The chapel at Brompton Cemetery Credit: Friends of Brompton Cemetery
Brimming with mausoleums, tombs and grave stones, historic cemeteries are usually associated with bereavement or gothic horror. However today, Victorian cemeteries are being revived as places for communities to relax and connect with nature.

Brompton Cemetery reopens today following a £6.2million restoration and conservation project, mostly funded by the National Lottery.

Grade I registered, it one of London’s ‘Magnificent Seven’ garden cemetery’s that were built during the 1800s to alleviate London’s over-crowded graveyards. With its Gothic mausoleums, domed chapel and statues of angels keeping guard over tombs, there’s no question it’s an atmospheric place for a quiet stroll.

Visitors can submerge themselves in its architectural splendour and its abundant history. The leader of the suffragette movement, Emmeline Pankhurst and Sir Henry Cole, who was instrumental in the Great Exhibition and founding the V&A museum, are among the 205,000 people buried at Brompton.

But can a cemetery really improve health and wellbeing?

Trustee of The Royal Parks Wesley Kerr, said: “The astonishingly beautiful Brompton Cemetery was always intended for respectful enjoyment by the living as well as burial spaces for the dead. London’s 'Magnificent Seven' cemeteries are prodigious landscapes, full of wildlife amidst amazing architecture, magnificent monuments - a great legacy.”

“The astonishingly beautiful Brompton Cemetery was always intended for respectful enjoyment by the living as well as burial spaces for the dead”Trustee of The Royal Parks Wesley Kerr

Brompton is the first cemetery project jointly funded by HLF and the Big Lottery Fund to reopen following restoration. It has been rejuvenated as both a place for people to enjoy its heritage, but also as vital community greenspace in a densely-populated part of the capital.

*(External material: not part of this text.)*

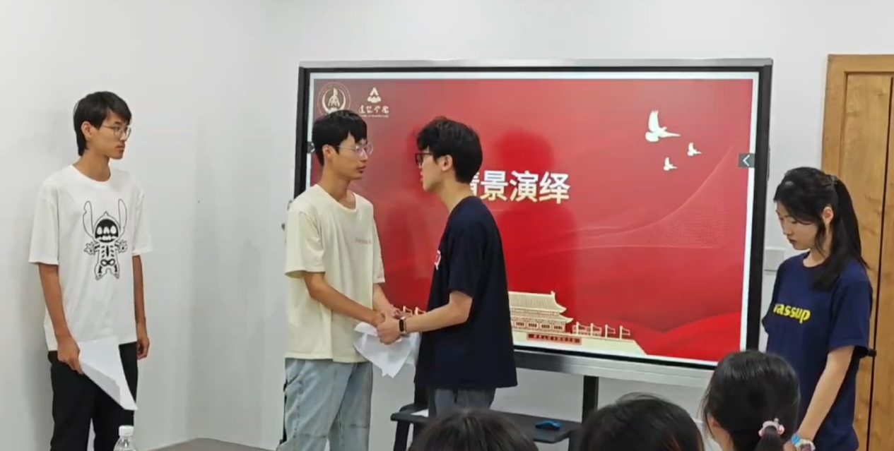 “《红岩》情景扮演”环节同样令人印象深刻。组长黄喆恺携手三名组员,呈现了一场简短而精彩的表演。大家无不为之动容,再一次感悟了革命前辈舍生取义的精神。

It is a Site of Nature Conservation Importance and as well as restoring, conserving and better sharing the history of its many unique listed monuments and architecture, the project has created a wildlife haven. 633 trees from around 60 species, 200 moth species and many types of bats, invertebrates and birds call Brompton Cemetery home.

It’s been proven time and again that access to greenspace and nature improves wellbeing, and with both in such abundance in our historic cemeteries, perhaps they do have the power to improve the health of the nation.

Today we’ve also announced £6.2m to revive and restore Sheffield General Cemetery Park; Belfast City Cemetery; and London Road Cemetery, Coventry for the benefit of their local communities. That takes joint National Lottery investment in historic cemeteries to £15.1m.